Der seit 2020 inhaftierte Nobelpreisträger Ales Bialiatski erhält dien rennomierten Preis zusammen mit der russischen Menschenrechtsorganisation Memorial und der ukrainischen Menschenrechtsorganisation Zentrum für zivile Freiheiten. Die Ehrungen sind ein Statement gegen Wladimir Putin.

Twitter/Nobelpreis

Der Friedensnobelpreis 2022 geht an Ales Bialiatski. Dies teilte das norwegische Nobelkomitee am Freitag mit. 251 Persönlichkeiten und 92 Organisationen waren diesmal nominiert. Zusammen mit Bialiatski erhalten zwei Menschenrechtsorganisationen die Auszeichnung: Die russische Organisation Memorial sowie das ukrainische Center for Civil Liberties.

Ales Bialiatski engagierte sich als Vorsitzender der Organisation Viasna an den Protesten gegen die belarussische Regierung unter Alexander Lukaschenko. Er ist ein bekannter Menschenrechtsaktivist.

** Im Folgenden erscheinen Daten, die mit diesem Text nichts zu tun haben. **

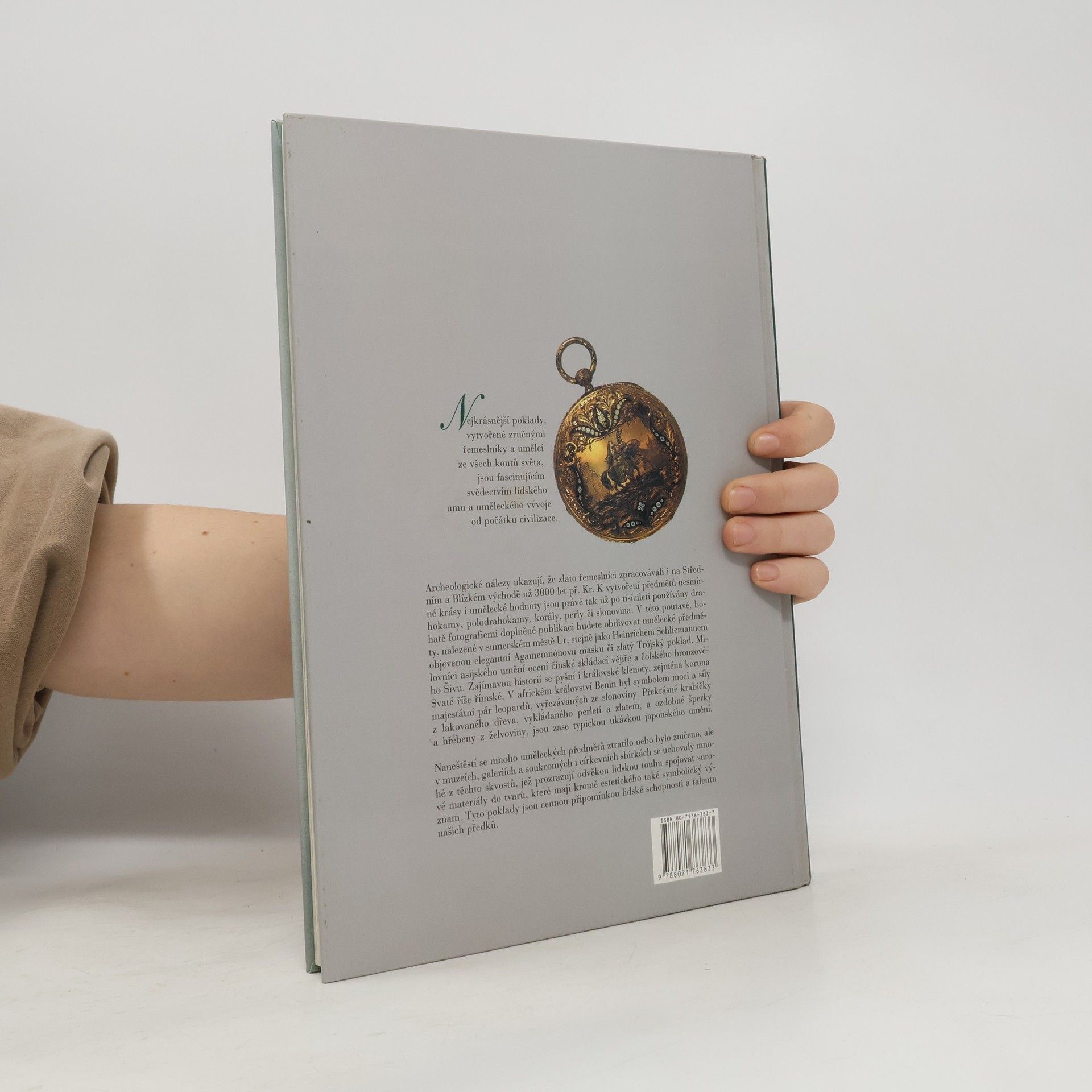 Nejkrásnější poklady, vytvořené zručnými řemeslníky a umělci ze všech koutů svět, jsou fascinujícím svědectvím lidského umu a uměleckého vývoje od počátku civilizace. V této poutavé, bohatě fotografiemi doplněné publikaci budete obdivovat umělecké předměty, nalezené v sumerském městě Ur, stejně jako Heinrichem Schliemannem objevenou elegantní Agamemnónovu masku či zlatý Trójský poklad.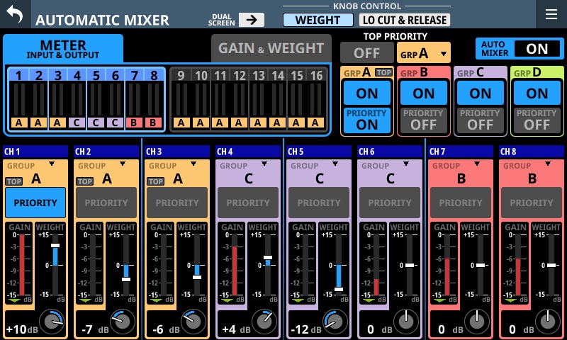 - The new gain-sharing Auto Mixer function automatically controls gain in real time. This ensures optimal conditions at all times for scenarios where multiple participants are speaking including panel discussions, events, and talk shows. Four groups allow up to four different mixes to be created independently for each group.

Seit Juli 2011 befindet sich Bialiatski wiederholt in Haft. Geboren wurde Bialiatski 1962 in der Sowjetunion und im heutigen Russland. Mit zwei Jahren zog die Familie nach Belarus. 2005 wurde er mit dem Homo-Homini-Preis und 2007 mit dem Per-Anger-Preis ausgezeichnet für seinen Einsatz für politische Gefangene und ihre Familien. Heute ist er selber einer.

Es folgten weitere Ehrungen: der Petra Kelly-Preis (2012), der Václav-Havel-Menschenrechtspreis des Europarates (2013), der Paweł-Włodkowic-Preis des polnischen Senats (2014), den Right Livelihood Award (2020), den Sacharow-Preis (2020).

Bereits 2012 war er von der slowakischen Ministerpräsidentin für den Friedensnobelpreis vorgeschlagen worden.

Memorial ist eine internationale Organisation mit Sitz in Moskau, die sich um die historische Aufarbeitung politischer Gewaltherrschaft verdient gemacht hat. Sie tritt für die Einhaltung der Menschenrechte und die soziale Fürsorge für die Überlebenden des sowjetischen Gulag-Systems ein. Russland löste die Organisation 2021 auf, sie besteht im Ausland aber weiterhin.

Das Center for Civil Liberties, Zentrum für Freiheitsrechte, ist in der Ukraine ansässig und setzt sich für Menschenrechte, Demokratie und Solidarität in der Ukraine und der OSCE-Region ein.

Die drei Gewinner würden die Zivilgesellschaft in ihren Ländern vertreten, schreibt das Nobelpreiskomitee. «Seit Jahren setzten sie sich für das Recht ein, die Mächtigen zu kritisieren». Auch der «ausserordentliche Beitrag» zur Dokumentation von Kriegsverbrechen, Menschenrechtsverletzungen und Machtmissbrauch wurde gelobt.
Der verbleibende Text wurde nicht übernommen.